Smalltalk's collection messages like #do:, #select: or #detect:ifNone are one of the best features of the class library. Most SQL/ORM Frameworks for Smalltalk include a feature to express SQL expressions as Smalltalk code. So something like script 2.1 should be translated into something like script 2.2.

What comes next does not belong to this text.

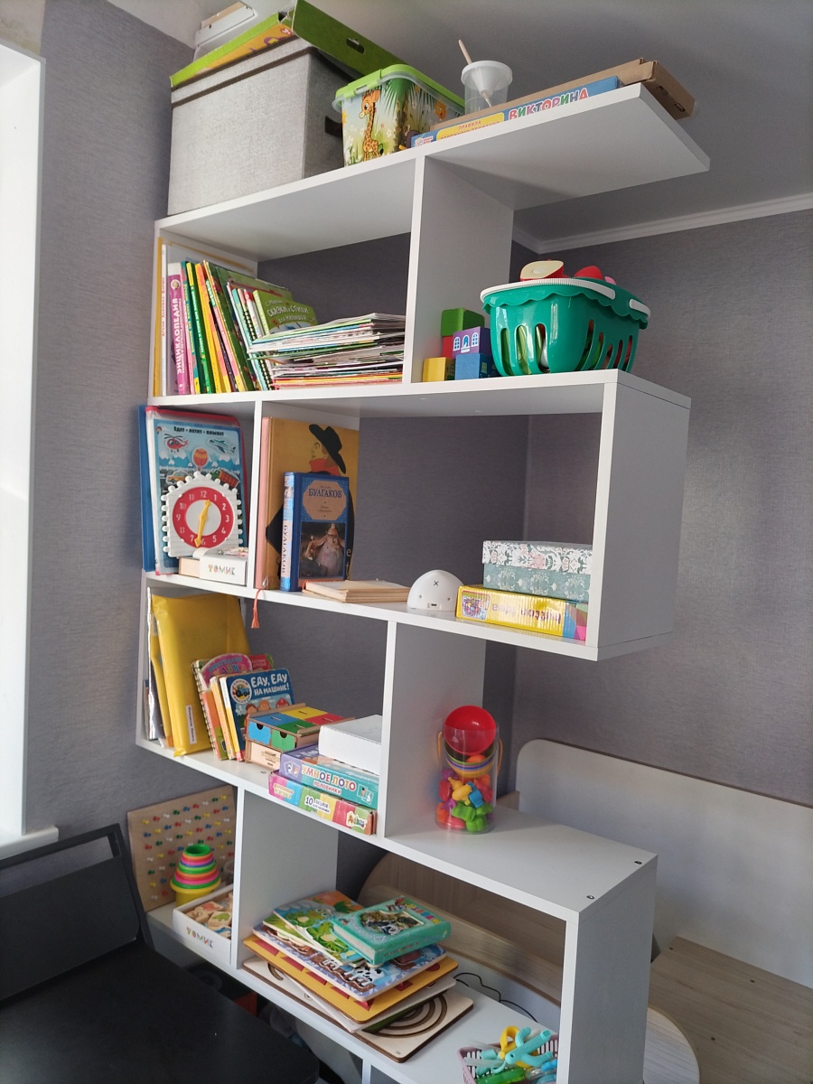 Стеллаж очень удобный, вместительный и стильный. Он не занимает много места в комнате, что особенно важно, если пространство ограничено. Мы выбрали его для своего ребёнка, так как нужно было разделить комнату на рабочую и спальную зоны, не загромождая её и не нарушая гармоничного вида.

	(customer surname is: 'Schneider') or: (customer surname is: 'Mueller')
) and: (
	(customer bonusPoints gt: customer joinDate year) or: (customer joinDate year is: Date today year)
2.1. Sample SQL query in Smalltalk

(((customers.surname = 'Schneider') | (customers.surname = 'Mueller')) & ((customers.bonusPoints > YEAR(customers.joinDate)) | (YEAR(customers.joinDate) = 2014)))
2.2. Sample SQL query string

One way would be to hook into the Smalltalk compiler and build the SQL-like expression from the AST. Another would be to ignore the Smalltalk side completely and parse Strings via a Parser into those expressions (again using graphs/ASTs). But in some cases a simpler approach with "Message Recording" objects is more than sufficient.

3. Blocks as Parsers/Translators

Let's start with the previous expression from above. What happens if we wrap it into a "select Block" (i.e. for a #select: message or similar) and call #value: with an arbitrary value? Let's try nil for now.

| selectBlock |
selectBlock := [ :customer | 
((customer surname is: 'Schneider') or: (customer surname is: 'Mueller'))
	and: ((customer bonusPoints gt: customer joinDate year) or: (customer joinDate year is: Date today year)) ].
expression := selectBlock value: nil.	"Inspect-it"
3.1. Workspace with nil

If we execute the Script 3.1 we'll get an error message MessageNotUnderstood: UndefinedObject>>surname (Figure 4.1). And it's clear why: Executing the block binds nil to customer. And the first message sent to customer is #surname. This of course raises an error because nil (an UndefinedObject) does not understand #surname.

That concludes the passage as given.